### Goal of the exercise
Only one stretch of the data below is wanted: the lines starting at the one with "Professores: João Saboia" and ending at the one with "これはグラスウールと呼ばれて", both included, given again exactly.

Segment Start: Exercise inputs

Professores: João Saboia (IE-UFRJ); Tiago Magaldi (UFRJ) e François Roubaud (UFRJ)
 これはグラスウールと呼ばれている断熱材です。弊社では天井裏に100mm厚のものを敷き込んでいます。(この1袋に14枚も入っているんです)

Segment End: Exercise inputs
Segment Start: Exercise inputs

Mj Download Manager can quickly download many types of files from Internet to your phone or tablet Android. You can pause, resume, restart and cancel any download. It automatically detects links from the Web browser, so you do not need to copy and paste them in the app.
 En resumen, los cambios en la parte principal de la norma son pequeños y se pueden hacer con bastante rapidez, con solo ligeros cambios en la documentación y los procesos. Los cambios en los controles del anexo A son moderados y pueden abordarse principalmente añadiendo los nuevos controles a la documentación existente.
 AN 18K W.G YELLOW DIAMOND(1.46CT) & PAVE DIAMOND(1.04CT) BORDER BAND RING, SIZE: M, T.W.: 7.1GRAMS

Segment End: Exercise inputs
Segment Start: Exercise inputs

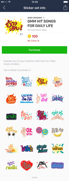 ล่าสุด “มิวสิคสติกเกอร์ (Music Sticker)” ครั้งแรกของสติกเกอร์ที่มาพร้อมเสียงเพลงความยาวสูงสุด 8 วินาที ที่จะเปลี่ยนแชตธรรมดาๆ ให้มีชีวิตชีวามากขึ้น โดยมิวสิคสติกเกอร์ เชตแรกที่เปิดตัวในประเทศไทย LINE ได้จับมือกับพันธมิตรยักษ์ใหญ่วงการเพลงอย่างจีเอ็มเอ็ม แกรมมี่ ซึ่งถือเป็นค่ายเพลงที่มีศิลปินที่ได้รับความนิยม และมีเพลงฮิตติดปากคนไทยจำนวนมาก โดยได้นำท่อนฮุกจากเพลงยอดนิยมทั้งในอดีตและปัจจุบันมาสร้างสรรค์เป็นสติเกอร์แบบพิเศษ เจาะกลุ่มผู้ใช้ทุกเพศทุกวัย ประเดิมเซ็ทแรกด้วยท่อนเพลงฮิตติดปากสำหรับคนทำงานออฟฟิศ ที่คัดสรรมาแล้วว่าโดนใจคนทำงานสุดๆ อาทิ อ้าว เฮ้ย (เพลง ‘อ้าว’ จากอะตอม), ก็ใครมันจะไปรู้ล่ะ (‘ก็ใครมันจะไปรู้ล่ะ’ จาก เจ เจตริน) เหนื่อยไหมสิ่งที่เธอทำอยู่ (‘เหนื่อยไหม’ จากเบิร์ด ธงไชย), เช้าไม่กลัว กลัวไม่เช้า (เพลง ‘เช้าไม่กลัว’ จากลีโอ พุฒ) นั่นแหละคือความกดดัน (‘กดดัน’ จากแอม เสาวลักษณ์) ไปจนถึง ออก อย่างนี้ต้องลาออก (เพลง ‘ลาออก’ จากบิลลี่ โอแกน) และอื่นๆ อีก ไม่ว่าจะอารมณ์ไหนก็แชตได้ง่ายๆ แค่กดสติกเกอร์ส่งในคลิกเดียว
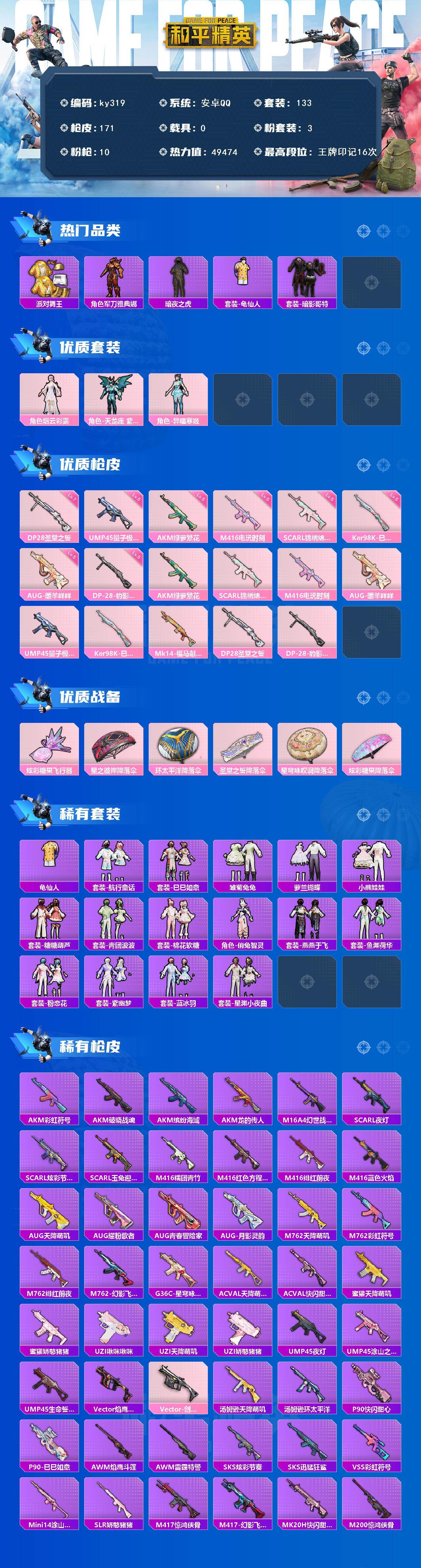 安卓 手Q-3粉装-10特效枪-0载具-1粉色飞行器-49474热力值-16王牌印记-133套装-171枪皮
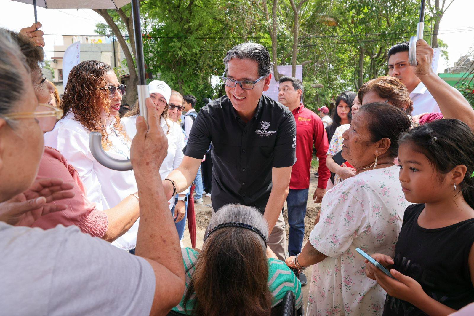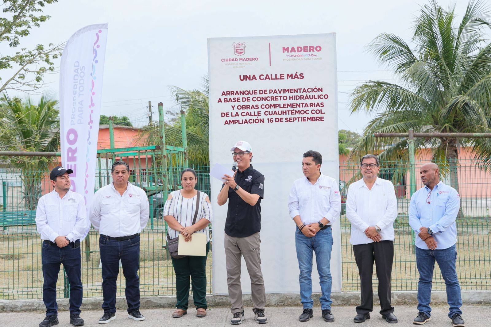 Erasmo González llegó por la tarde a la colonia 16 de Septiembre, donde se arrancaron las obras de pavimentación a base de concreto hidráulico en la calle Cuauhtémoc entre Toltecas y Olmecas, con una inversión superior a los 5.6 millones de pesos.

Segment End: Exercise inputs

### Your solution
Professores: João Saboia (IE-UFRJ); Tiago Magaldi (UFRJ) e François Roubaud (UFRJ)
 これはグラスウールと呼ばれている断熱材です。弊社では天井裏に100mm厚のものを敷き込んでいます。(この1袋に14枚も入っているんです)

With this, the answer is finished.